## SOURCE INFORMATION
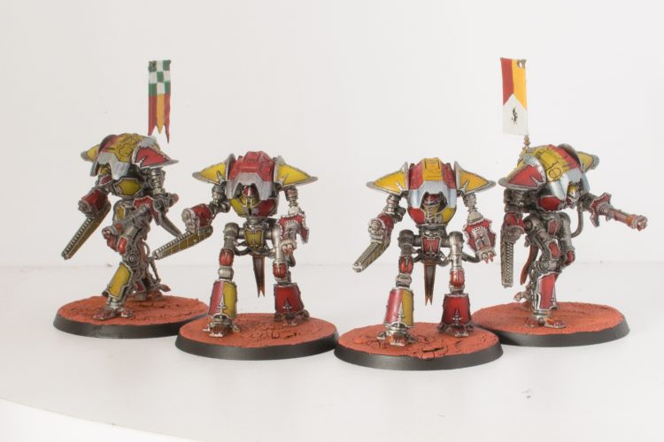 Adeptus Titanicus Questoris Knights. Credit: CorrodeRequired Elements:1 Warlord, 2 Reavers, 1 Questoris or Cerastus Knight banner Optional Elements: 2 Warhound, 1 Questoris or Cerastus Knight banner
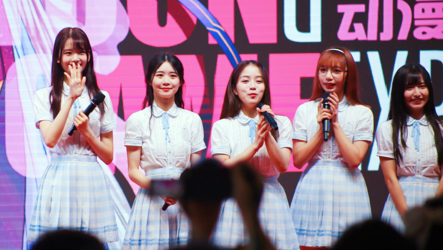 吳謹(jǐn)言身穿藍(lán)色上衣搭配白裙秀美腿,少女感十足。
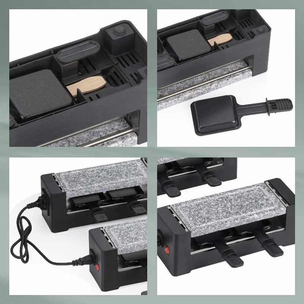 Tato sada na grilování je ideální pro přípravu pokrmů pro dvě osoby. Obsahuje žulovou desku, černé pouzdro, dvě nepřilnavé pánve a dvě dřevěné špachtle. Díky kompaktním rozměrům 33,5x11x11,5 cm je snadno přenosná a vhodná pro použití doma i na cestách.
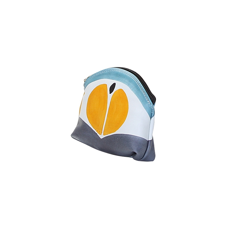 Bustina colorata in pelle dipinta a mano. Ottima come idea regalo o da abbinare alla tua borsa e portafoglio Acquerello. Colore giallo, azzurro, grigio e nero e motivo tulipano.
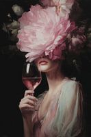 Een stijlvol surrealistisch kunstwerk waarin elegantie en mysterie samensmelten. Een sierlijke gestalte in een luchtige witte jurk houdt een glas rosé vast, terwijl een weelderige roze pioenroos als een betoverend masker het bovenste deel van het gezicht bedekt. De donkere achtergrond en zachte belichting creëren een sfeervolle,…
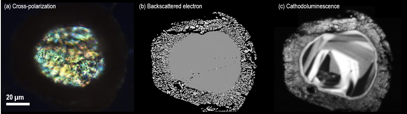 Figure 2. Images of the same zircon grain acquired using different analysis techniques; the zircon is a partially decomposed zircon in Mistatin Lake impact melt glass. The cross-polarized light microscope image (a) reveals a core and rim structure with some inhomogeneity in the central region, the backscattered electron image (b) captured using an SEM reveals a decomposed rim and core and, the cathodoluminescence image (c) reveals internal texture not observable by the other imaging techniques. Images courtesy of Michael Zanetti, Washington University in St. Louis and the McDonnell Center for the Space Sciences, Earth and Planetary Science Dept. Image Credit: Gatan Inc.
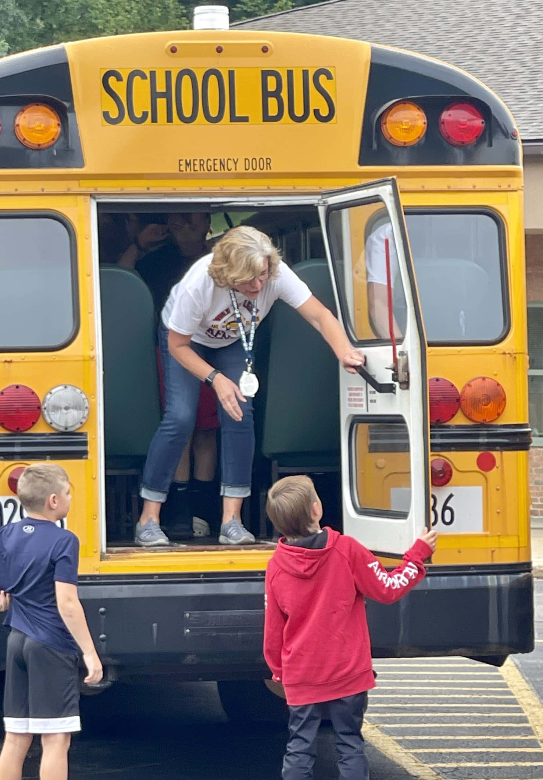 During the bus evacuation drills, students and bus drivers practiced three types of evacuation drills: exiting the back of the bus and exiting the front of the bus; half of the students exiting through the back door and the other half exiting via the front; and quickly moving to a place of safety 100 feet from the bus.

--

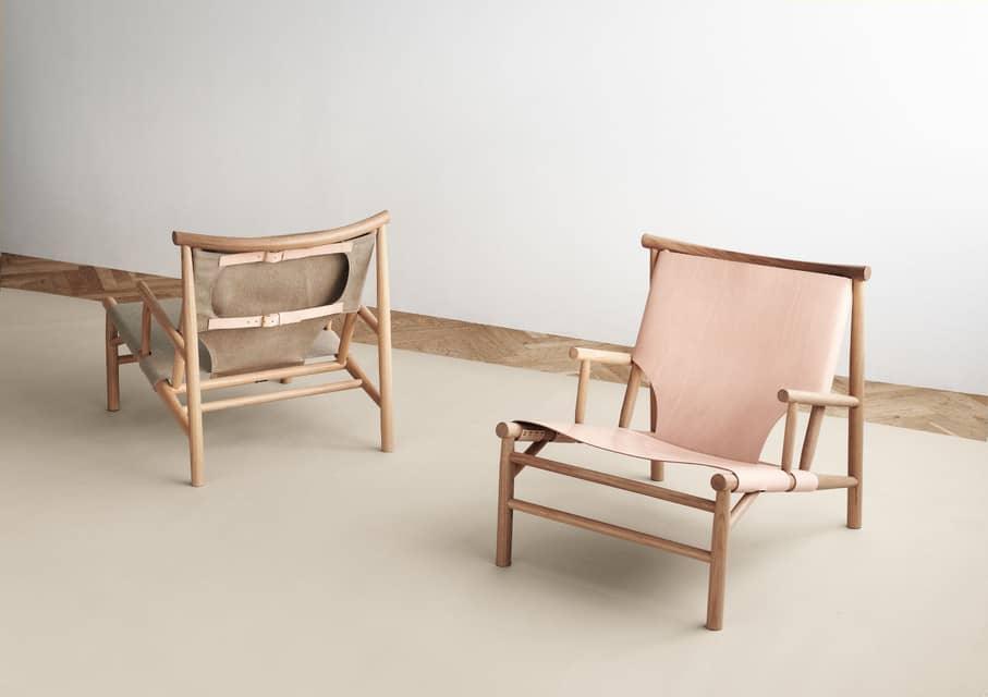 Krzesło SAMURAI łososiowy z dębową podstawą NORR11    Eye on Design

---

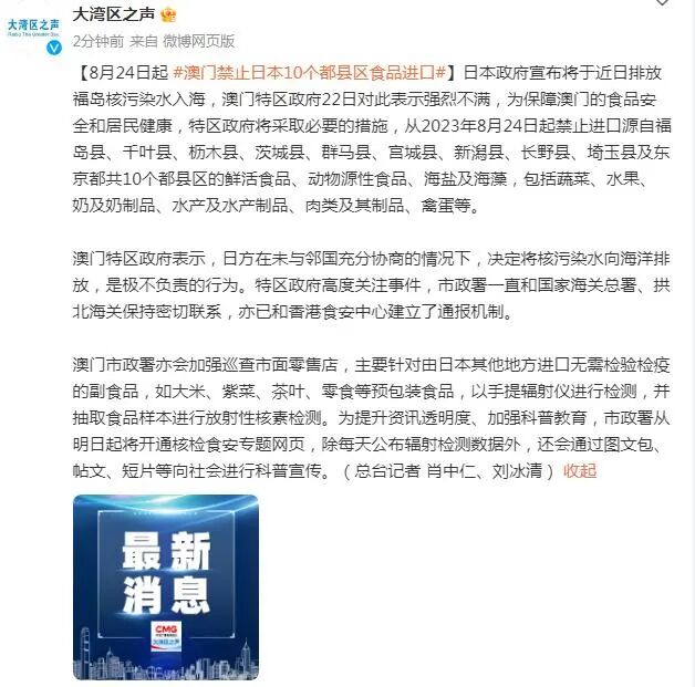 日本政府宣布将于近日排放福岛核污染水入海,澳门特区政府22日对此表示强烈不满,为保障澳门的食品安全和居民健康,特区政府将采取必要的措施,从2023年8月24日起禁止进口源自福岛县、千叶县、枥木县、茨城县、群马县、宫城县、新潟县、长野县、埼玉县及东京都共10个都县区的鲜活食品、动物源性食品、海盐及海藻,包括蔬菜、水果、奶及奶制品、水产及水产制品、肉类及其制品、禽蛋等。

## WHAT TO WORK ON
Retype, exactly and with no pictures, everything above from the line with "Bustina colorata in" down to the line with "During the bus", both included.

## TASK ANSWER
 Bustina colorata in pelle dipinta a mano. Ottima come idea regalo o da abbinare alla tua borsa e portafoglio Acquerello. Colore giallo, azzurro, grigio e nero e motivo tulipano.
 Een stijlvol surrealistisch kunstwerk waarin elegantie en mysterie samensmelten. Een sierlijke gestalte in een luchtige witte jurk houdt een glas rosé vast, terwijl een weelderige roze pioenroos als een betoverend masker het bovenste deel van het gezicht bedekt. De donkere achtergrond en zachte belichting creëren een sfeervolle,…
 Figure 2. Images of the same zircon grain acquired using different analysis techniques; the zircon is a partially decomposed zircon in Mistatin Lake impact melt glass. The cross-polarized light microscope image (a) reveals a core and rim structure with some inhomogeneity in the central region, the backscattered electron image (b) captured using an SEM reveals a decomposed rim and core and, the cathodoluminescence image (c) reveals internal texture not observable by the other imaging techniques. Images courtesy of Michael Zanetti, Washington University in St. Louis and the McDonnell Center for the Space Sciences, Earth and Planetary Science Dept. Image Credit: Gatan Inc.
 During the bus evacuation drills, students and bus drivers practiced three types of evacuation drills: exiting the back of the bus and exiting the front of the bus; half of the students exiting through the back door and the other half exiting via the front; and quickly moving to a place of safety 100 feet from the bus.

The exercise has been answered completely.